Gas-chromatography–mass spectrometry analysis of crude ethyl acetate extract of VSM-30

During the course of our screening programme for bioactive secondary metabolites from deep sea sediment samples of Bay of Bengal (Visakhapatnam), Streptomyces sparsus VSM-30 exhibited significant antimicrobial efficacy. The ethyl acetate extract of the isolate VSM-30 showed maximum activity against plant pathogenic fungi such as Aspergillus niger (21 mm), Penicillium citrinum (21 mm), Aspergillus flavus (20 mm) followed by Fusarium solani (19 mm), and Fusarium oxysporum (18 mm). The antibiotics isolated from marine Streptomyces were cyclomarin A (Renner et al. 1999), resistomycin (Shiono et al. 2002), glaciapyrroles A (Cho et al. 2006), actinofuranones A and B (Cho et al. 2006), piperazimycins (Miller et al. 2007), piericidins C7 and C8 (Hayakawa et al. 2007), and zorbamycin (Wang et al. 2007).
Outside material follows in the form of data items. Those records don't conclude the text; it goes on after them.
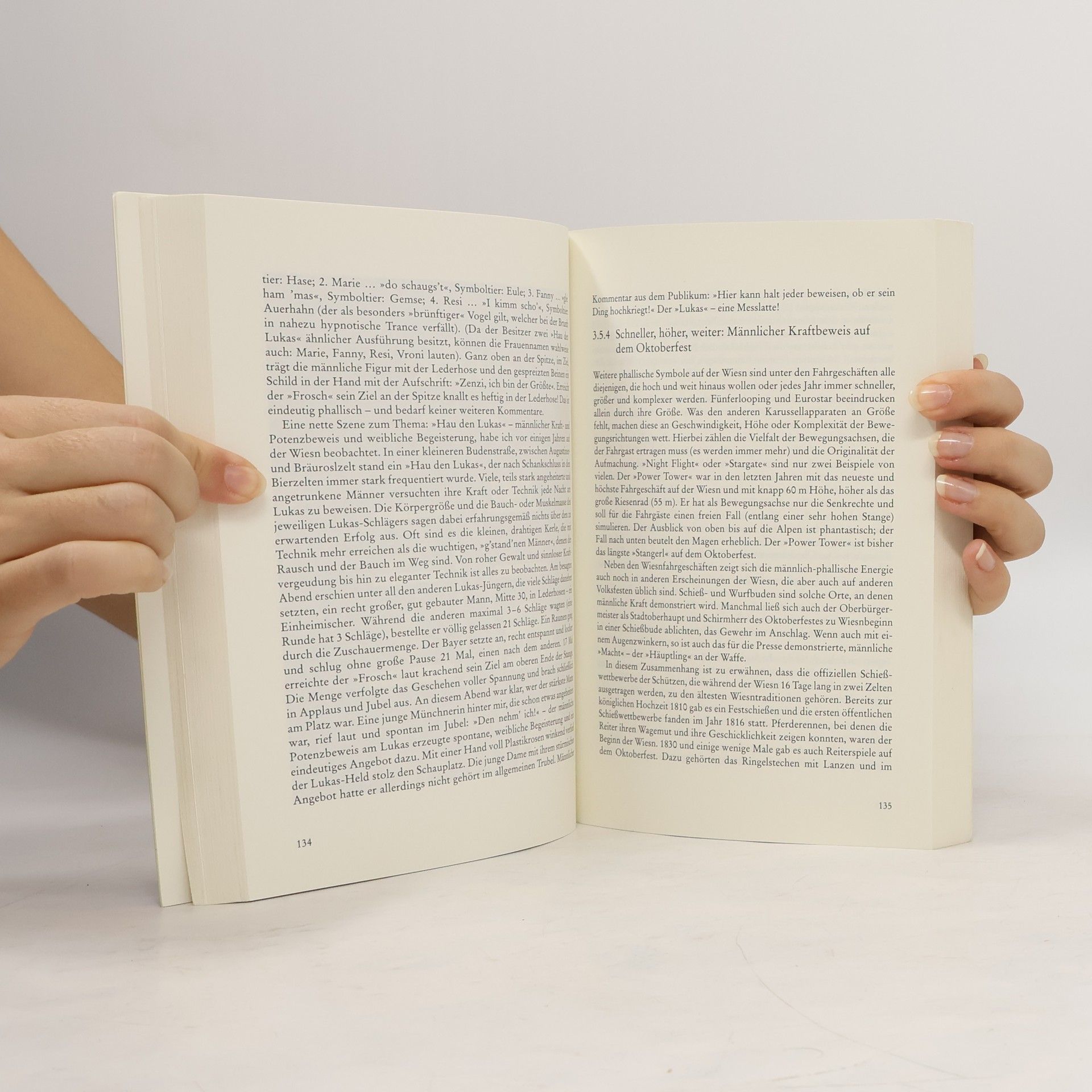 »Das Oktoberfest – Masse, Rausch und Ritual« ist die erste psychologische Studie zum Oktoberfest. Die sozialpsychologische Struktur des Oktoberfestes wird in Kapiteln zu Masse, Event, Sucht, Rausch und Ritual auf der Grundlage zahlreicher Interviews mit Besuchern und Beschäftigten auf der »Wiesn« untersucht. Die Autorin greift in ihrer Analyse dieses schon »institutionsgleichen« Festes bis auf Platon, Aristoteles, Elias Canetti, Norbert Elias, Nietzsche, Freud und die Ritualtheoretiker Van Gennep und Victor Turner zurück. Intelligent, leicht lesbar und oft mit einem Augenzwinkern geschrieben werden die rauschhaft-euphorischen Begebenheiten der »Wiesn« mit dionysischen Kulten im antiken Athen und der rituellen Communitas nach Turner verglichen. Die Betrachtung des Oktoberfestes als pseudo-sakrales Ritual, als Kommunion der Massen im Bierzelt mit den Eigenschaften eines archaisch-ekstatisch anmutenden Kultes, eröffnet einen außergewöhnlichen philosophischen Blick auf das größte Volksfest der Welt.
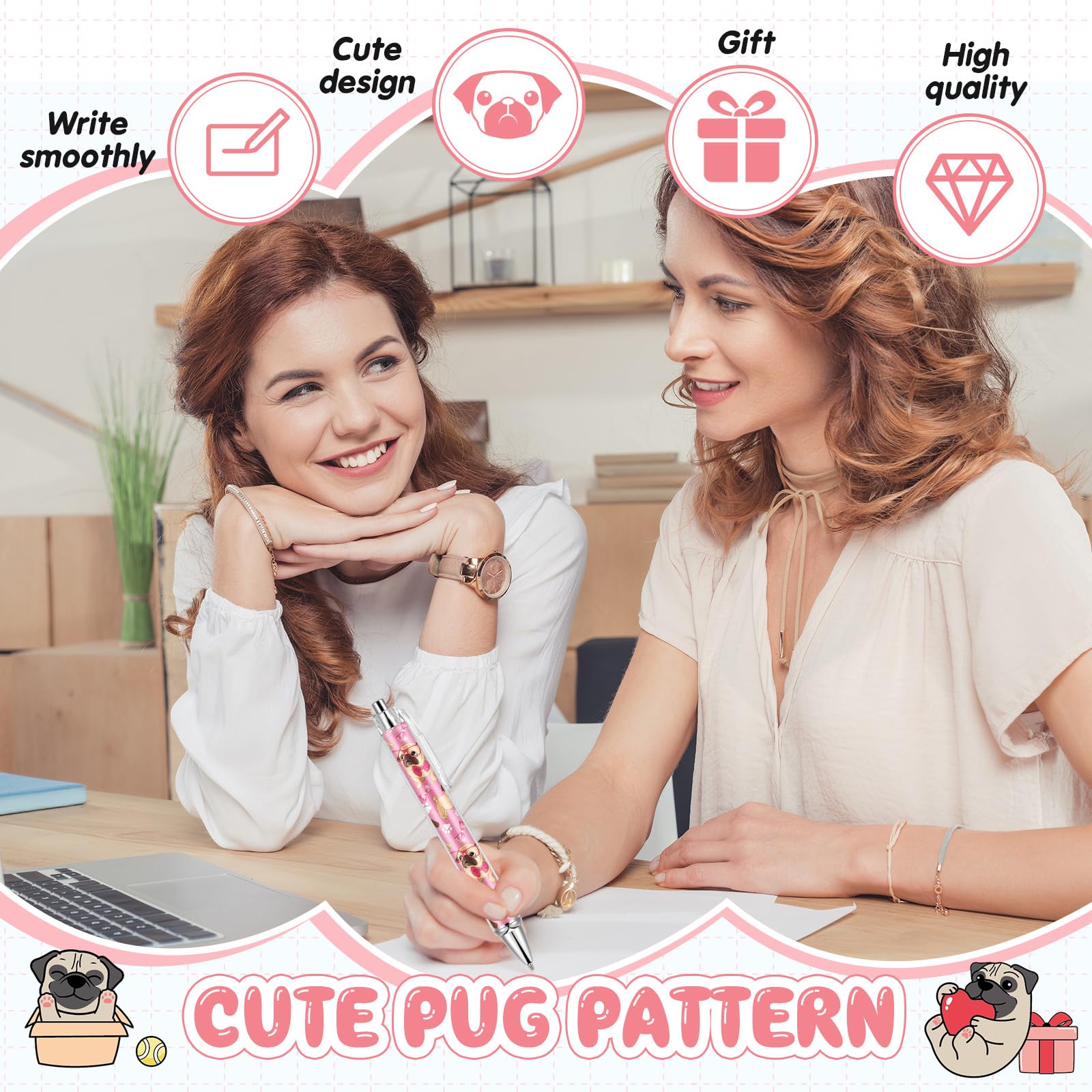 Beautiful Printing: these black ink pens are all in pug design, with exquisite details and bright colors, delicate and attractive, popular with most women; Each pug represents a different pug language, you can express your blessings to friends by choosing a suitable one as a gift
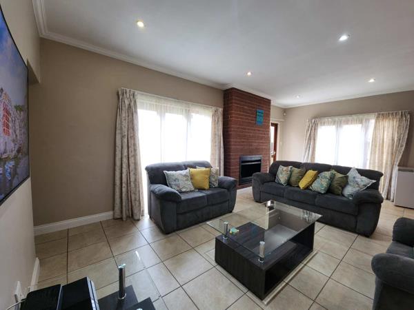 This charming 3-bedroom, 2-bathroom cluster home offers comfort, convenience, and peaceful living. Designed for modern family life, it features an open-plan kitchen, lounge, and dining area that flows seamlessly into a cozy space anchored by a roaring wood-burning fireplace.
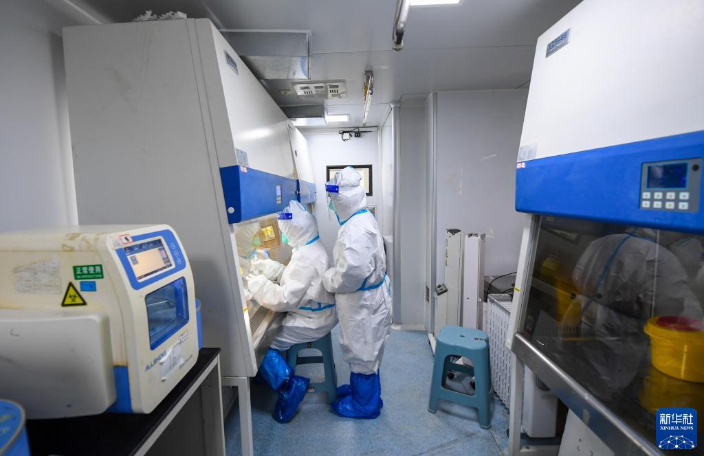 2月20日,工作人員在方艙實驗室內(nèi)工作。
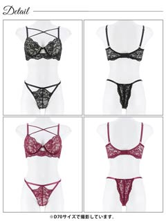オールレースカットストリング育乳脇高ブラジャー&バック透けフルバックショーツ
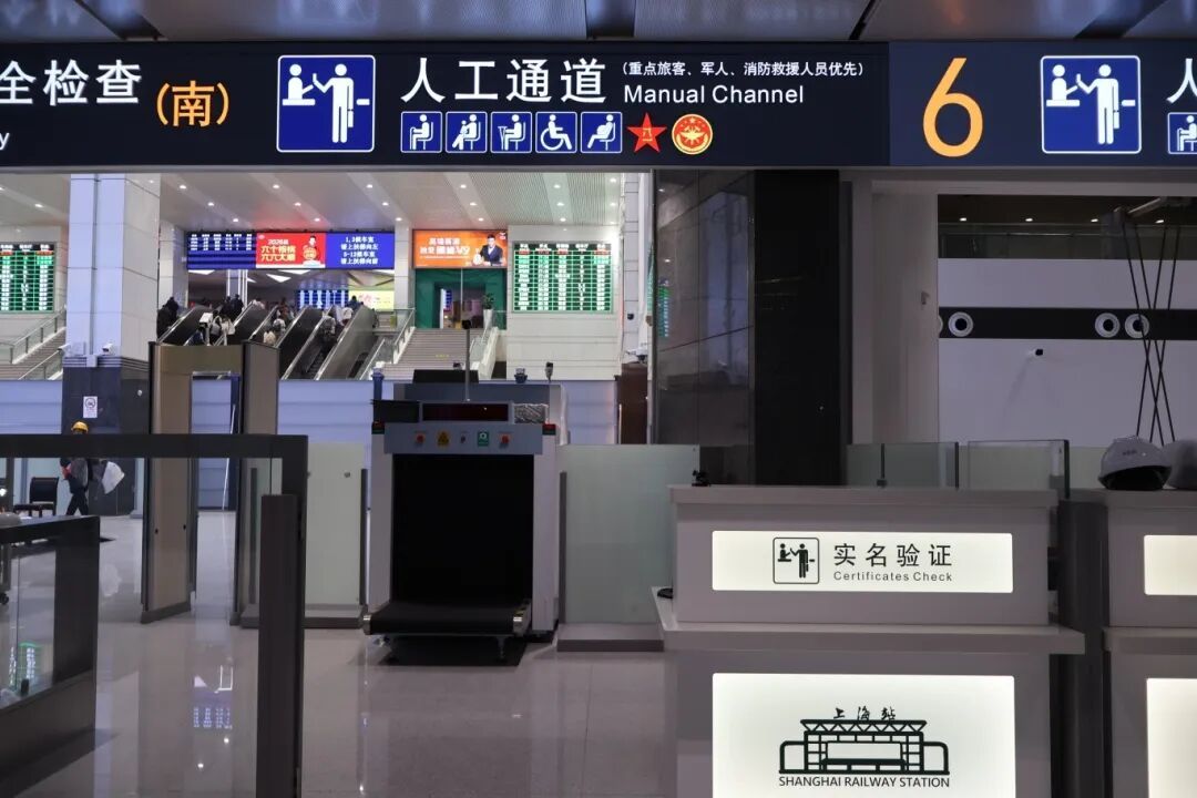 上海站南进站口改造工程竣工投用,进站及安检通道数量提升70%,新增7个“一窗通办”人工窗口与站外遗失物品领取点
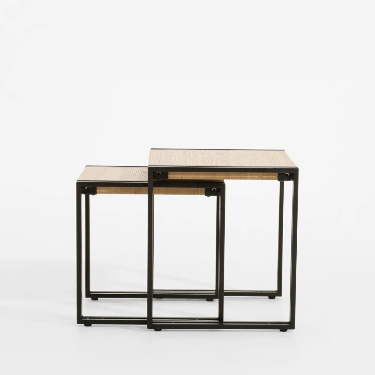 Komplet 2 stolików ORLO wpasuje się w industrialne i nowoczesne klimaty. Jasne barwienie blatu rozjaśni wnętrze. Ciekawe drabinkowe nogi w kształcie płóz będą ozdobą salonu samą w sobie.

Streptomyces from marine sediments were reported to be a producer of novel compounds such as production of cyclomarins A–C (Renner et al. 1999), while piperazimycins A–C are cytotoxic hexadepsipeptides that are obtained from Streptomyces sp. displayed cytotoxic and anti-viral activity (Miller et al. 2007; Shirling and Gottlieb 1966). Resistomycin, an antibiotic related to quinones, is produced by Streptomyces corchorusii, an inhibitor of HIV-1 protease (Shiono et al. 2002), whereas resistoflavine is produced by Streptomyces chibaensis which shows cytotoxic and antibacterial activity (Kock et al. 2005). mansouramycins A–D are isoquinoline quinone derivatives isolated from the extracts of Streptomyces sp. exhibited significant cytotoxicity with great degree of selectivity for lung cancer, breast cancer, melanoma, and prostate cancer cells (Hawas et al. 2009). The present findings support the view that bioactive metabolite profile of marine Streptomyces is very broad as it includes a variety of antibacterial, antifungal, antitumor, anti-inflammatory, cytotoxic, and immunosuppressive compounds.

Conclusion

A perusal of the literature clearly establishes that marine Streptomyces spp. as potential agents for screening of novel bioactive compounds. In the present study, an actinomycete strain Streptomyces sparsus VSM-30 was isolated from the deep sea marine sediment samples using dilution plate technique. The optimal conditions for the production of bioactive compounds by VSM 30 and its inhibitory effect against the responses using the RSM statistical design were determined. The CCD approach showed significant results for optimizing the process variables for maximal bioactive metabolite production and the metabolites thus extracted showed desirable antifungal activity against plant pathogenic fungi. The various bioactive compounds identified through LC–MS and GC–MS are ascertained to have wide spectrum of pharmacological activities. Further research concerning the purification and characterization of bioactive compounds produced by the strain is in progress.